Here is what the main parts do:
- The Capacitor (10µF): Acts as a high-pass filter. It blocks the heavy DC voltage from the phone line but lets the tiny “vibrations” of the voice pass through.
- The Transistor (2N2222): Amplifies the weak voice signal so the Arduino can “hear” it clearly.
- The Voltage Divider: Two resistors that bias the signal to 1.65V. This allows the voice signal to oscillate up and down without hitting the “floor” (0V) or the “ceiling” (3.3V) of the Arduino’s input range.
- The Zener Diode: A bodyguard. If a high-voltage spike surges through, this diode clamps it before it fries the Arduino.

The Code
I quickly realized that the Arduino is actually quite slow when it comes to sound.

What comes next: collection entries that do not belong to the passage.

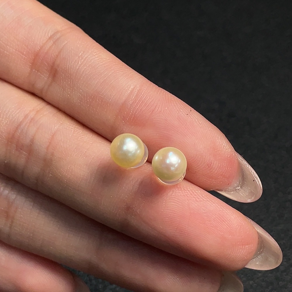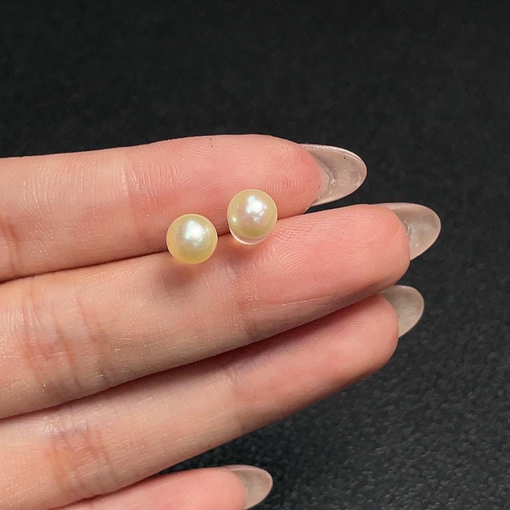Seawater pearl earrings, color origin undetermined, 18k gold, total weight approx. 0.7g, size approx. 6.2mm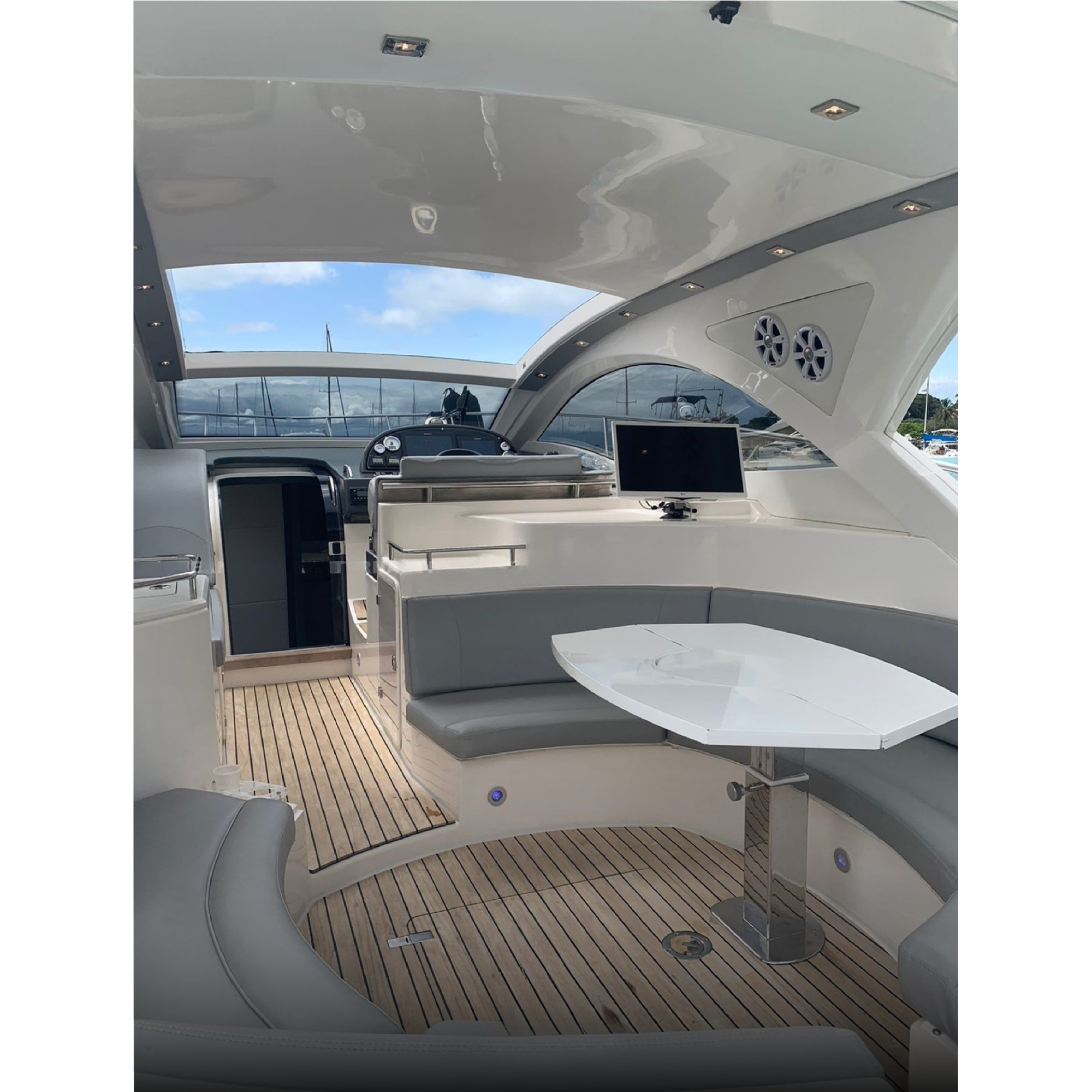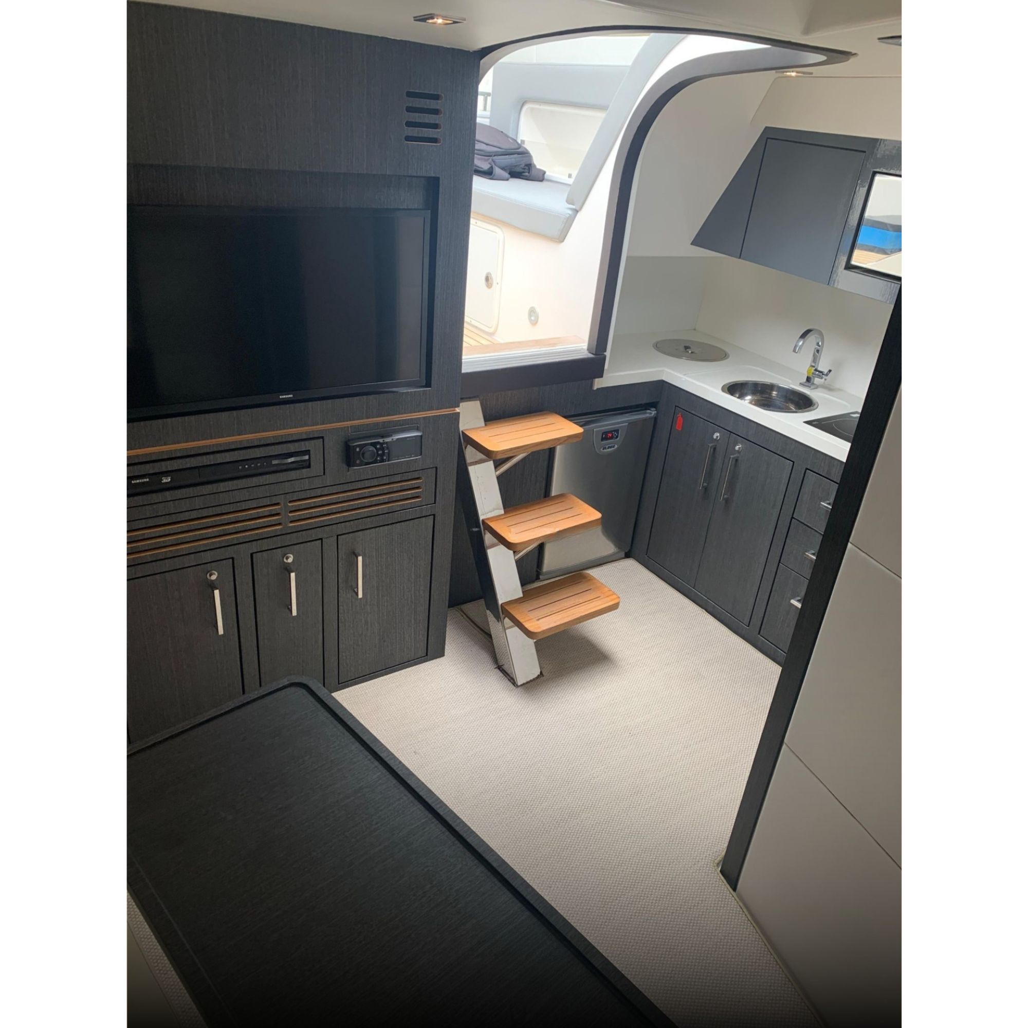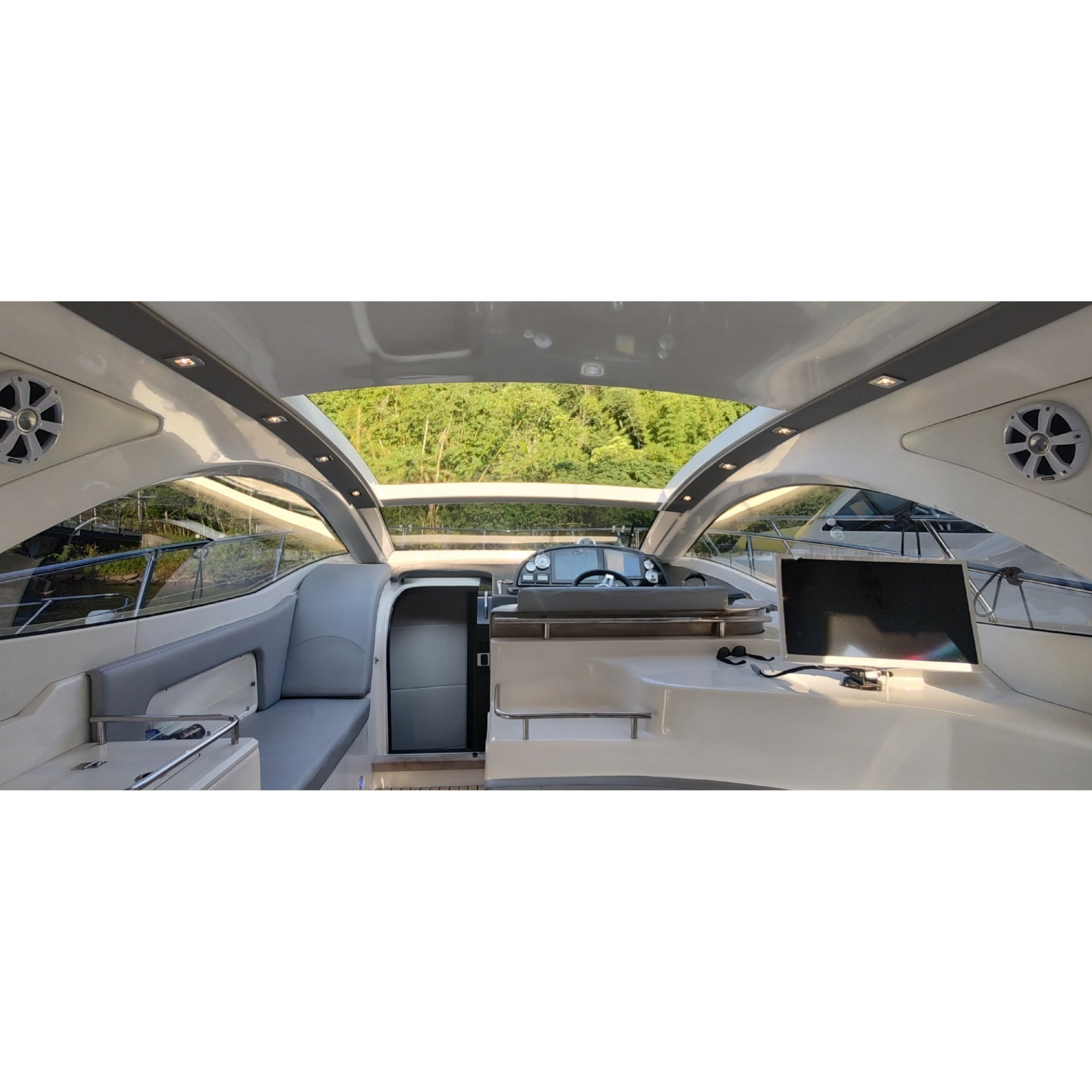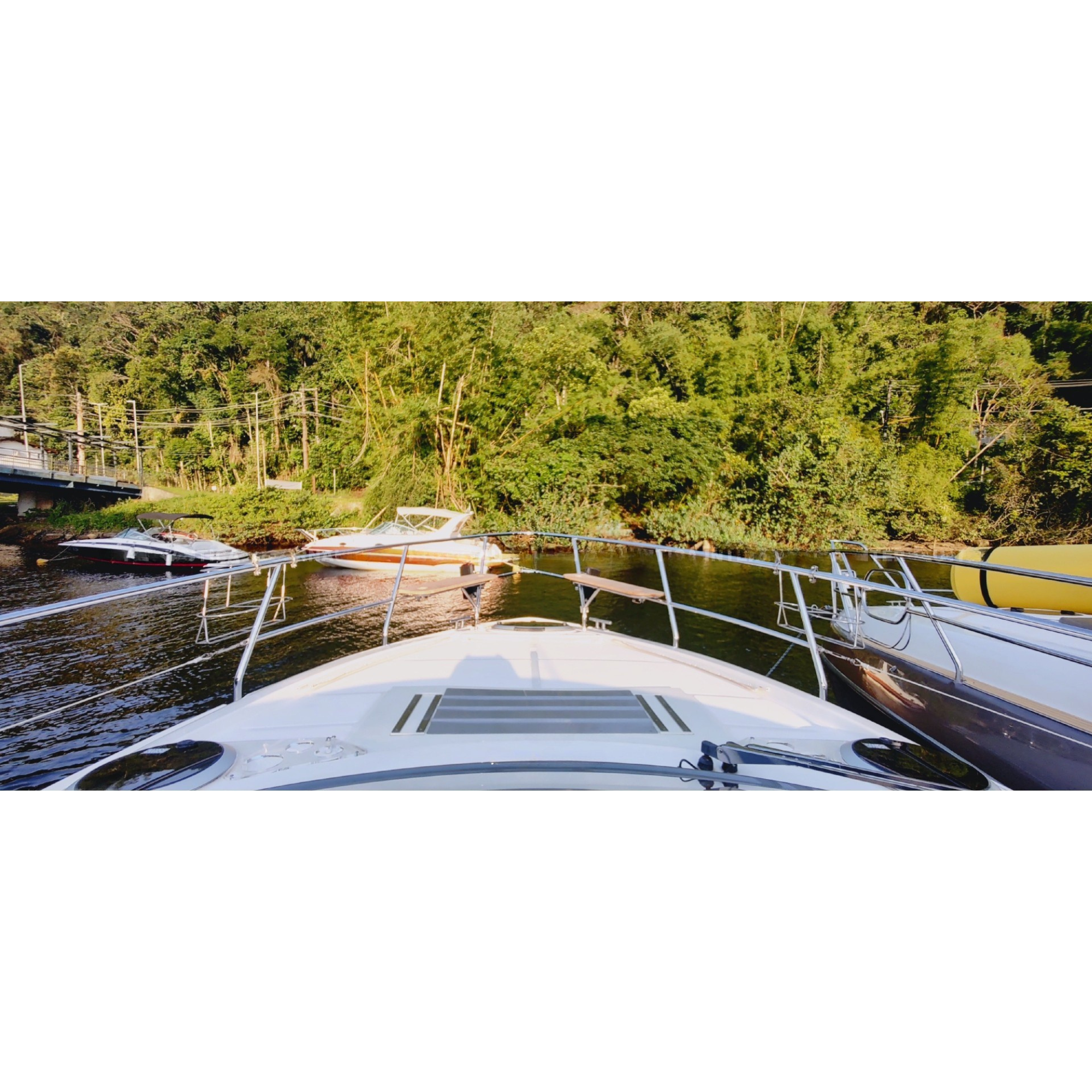 Antena TV, Ar Condicionado, Boiler, Bússola, Carregador de Baterias, Carreta, Churrasqueira, Chuveiro de Popa, Cristaleira, Comando Eletrônico, Farol Robotizado, Fechamento Completo, Flaps Hidráulicos, Fogão Elétrico, Geladeira, Geleira, Gerador, GPS, Guincho Elétrico, Joystick, Rádio VHF, Solário de Proa, Som, Sonda, Teka Praça de Popa, Televisão, Toldo, Tomada de Cais, WC Elétrico, Quartos: 2, Banheiros: 2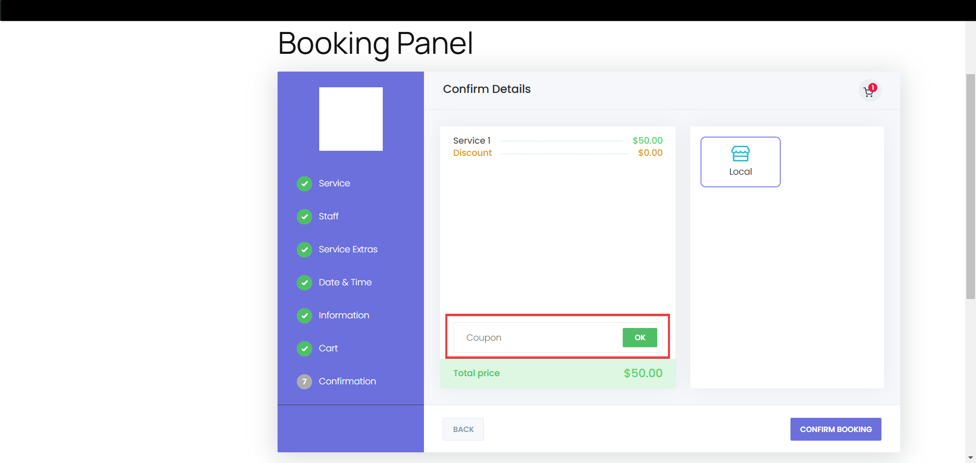 - Go to the booking panel, continue with the steps, reach the Confirmation step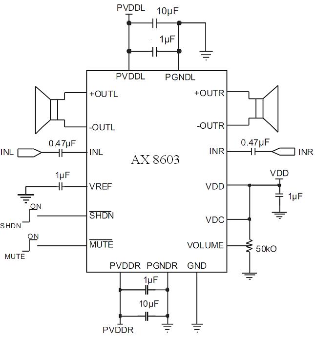 1. 當PAM8603工作在無濾波器時,必須先接通揚聲器再接通電源,否則容易對芯片造成損壞。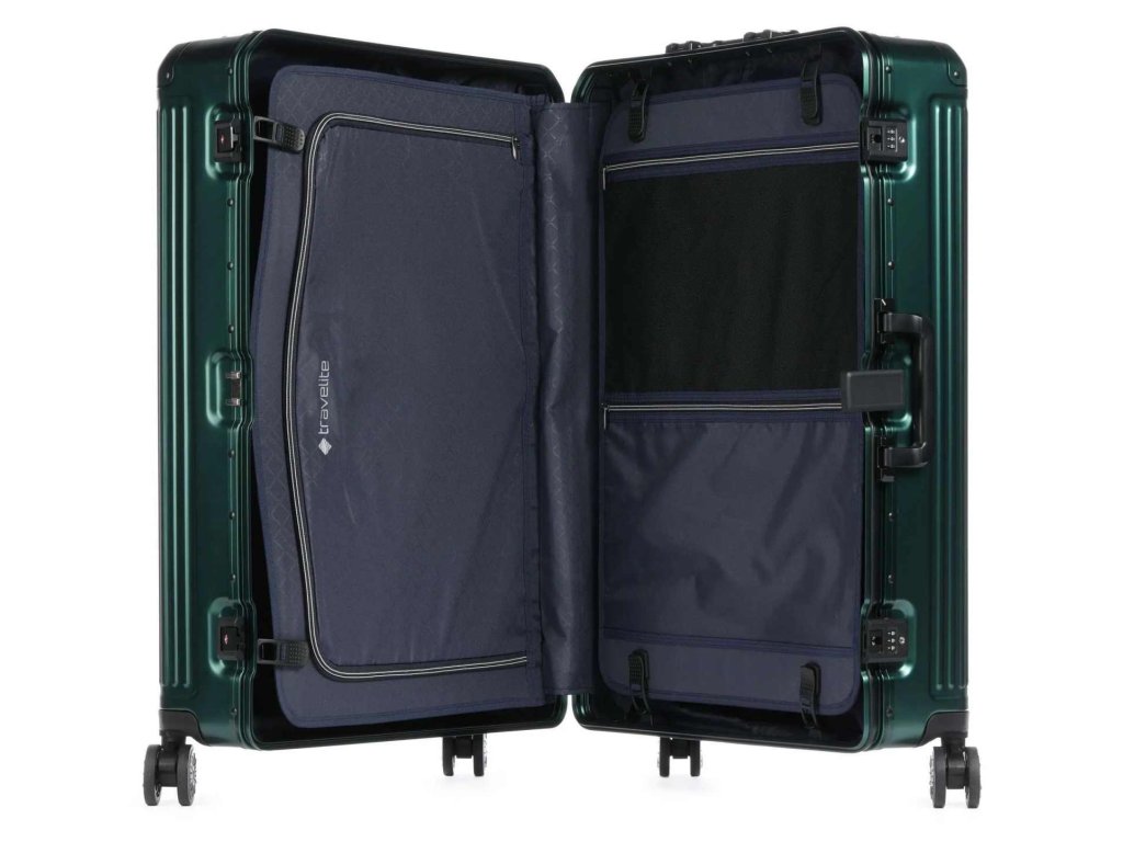 Luxusný hliníkový cestovný kufor 77 cm nemeckej značky Travelite v zelenej farbe. Moderný a štýlový je kufor vyrobený z alumínia, ktorý zaručuje pevnosť a pružnosť zároveň. Pokiaľ hľadáte originálny, kvalitný kufor s vysokou odolnosťou, voľte kufre vyrobené z tohto materiálu.

1. 1 sec of high-pitched sound
My first attempt resulted in just 1 second of high-pitched screeching. I tried streamlining every byte the moment it was ready, but the data bottlenecked immediately.
Of course! If I couldn’t stream music byte-by-byte from the Pi to the Arduino, why did I expect the reverse to work? I needed to find a balance: avoiding buffer overflows on the Arduino while ensuring the Pi wasn’t overwhelmed by a flood of data packets.
2. Slow-Motion
I switched to sending data in chunks. Instead of transmitting single bytes, I flushed the entire serial buffer at once. I saw some progress, but my timing was off: a 10-second recording stretched into a minute of playback.
After further calibration and experimentation, I realized that even though the Arduino was sampling at 8000Hz, the USB serial overhead was significantly slowing it down.
By calibrating everything right I got something where you could hear my voice in the background.
Do you hear the noise, too? I have no idea where it came from—likely interference from a component or internal noise from the Arduino itself.
I tried everything to eliminate it: disabling Wi-Fi on the Arduino, rewiring the breadboard… eventually, I messed up the wiring so badly that all I got was a static sound.

Conclusion
I’ve learned my lesson. The Arduino Nano IoT is excellent for simple control tasks, but it lacks the fidelity required for high-quality audio recording.
After a long day of debugging without success, I’ve decided to cut my losses. I’m giving up on the Arduino approach and buying a dedicated USB soundcard. Sometimes, the “easy” way is the right way!